Comparative studies comparing OP versus IP treatment or ABX versus NABX for Hinchey 1a acute diverticulitis were deemed eligible for inclusion. The literature search was performed using PubMed, MEDLINE, Embase and Cochrane Central Register of Controlled Trials (CENTRAL) up to and including 1 December 2023 with no language restrictions.

Moreover, the reference list of the relevant studies was reviewed manually for potential eligible studies. A combination of the following search terms was used: “uncomplicated acute diverticulitis”, “Hinchey 1a diverticulitis”, “ambulatory”, “outpatient”, “inpatient” and “uncomplicated acute diverticulitis”, “Hinchey 1a diverticulitis”, “no antibiotics”, “without antibiotics”, “observation”, “antibiotics”, “anti-microbial”, “anti-bacterial” to retrieve studies comparing outpatient versus inpatient treatment and antibiotic versus no-antibiotic treatment, respectively.
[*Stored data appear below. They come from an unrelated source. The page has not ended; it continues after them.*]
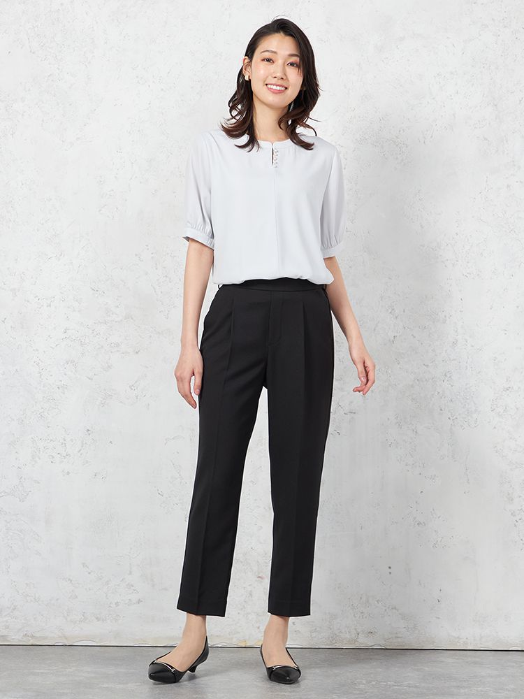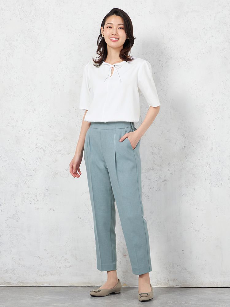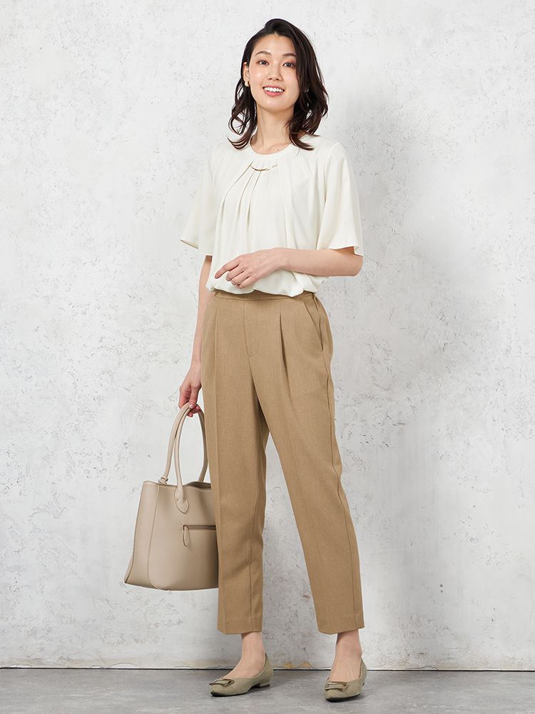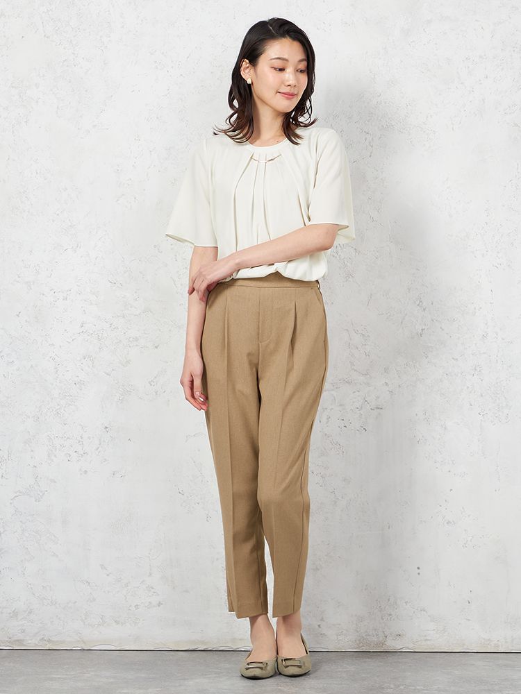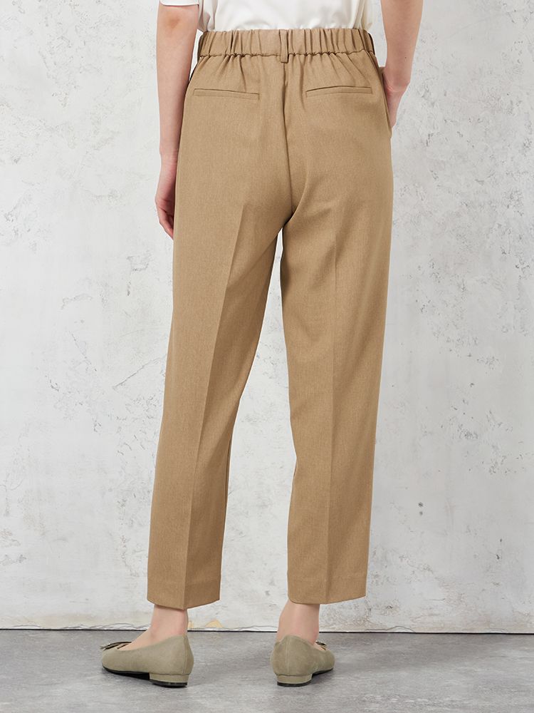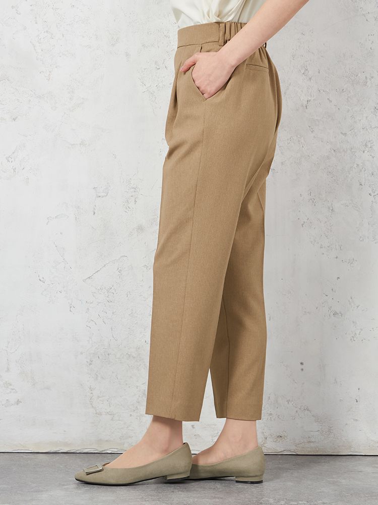腰回りにタックを施して、程よくゆとりを持たせたテーパードパンツです。
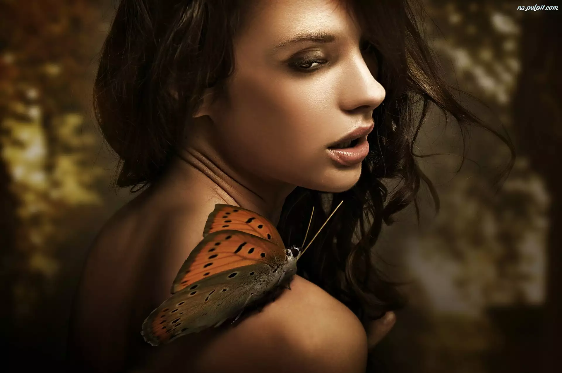 Motyl, Dziewczyna, Makijaż, Ramie
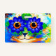 Badge featuring Louis Wain’s animal painting Cat Flower Eyes (1860-1939). A rainbow cat widely grins. Blue flowers cover his eyes. A wonderful gift for cat lovers and English art.
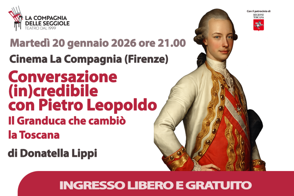 La Compagnia delle Seggiole presenta Conversazione (in)credibile con Pietro Leopoldo, lettura drammatizzata di Donatella Lippi, a cura di Sabrina Tinalli, martedì 20 gennaio alle ore 21.00 presso il Teatro della Compagnia di Firenze (Via Camillo Cavour, 50/R – 50121 FIRENZE).

Search strategy is outlined in Appendix 1.

Two authors independently searched the previously mentioned electronic databases, and two authors reviewed the extracted studies/data.

Eligibility and study selection criteria

Studies comparing OP versus IP management or ABX versus NABX treatment for Hinchey 1a acute diverticulitis were included. Studies comparing patients presenting with complicated grades of acute diverticulitis (defined as Hinchey stage 1b, 2, 3 and 4) were excluded. Moreover, non-comparative (single-arm) studies, case series, and case reports were also excluded.

Titles and abstracts of selected articles were screened independently by two authors, and the full text of potentially eligible articles was retrieved. Disagreements were resolved through consensus or consultation with the senior author.

Data extraction and outcomes

Two authors extracted data independently and revised by a third author using an Excel spreadsheet. The information collected from each study included the name of the author, year of publication, study design, total number of patients, inclusion and exclusion criteria, follow-up period, patient demographics, and relevant outcomes.

In the first comparison (ABX versus NABX), the primary outcome was disease recurrence. Other measured metrics (secondary outcomes) were emergency resection rate, elective resections, development of complicated diverticulitis, mortality rate, and length of hospital stay.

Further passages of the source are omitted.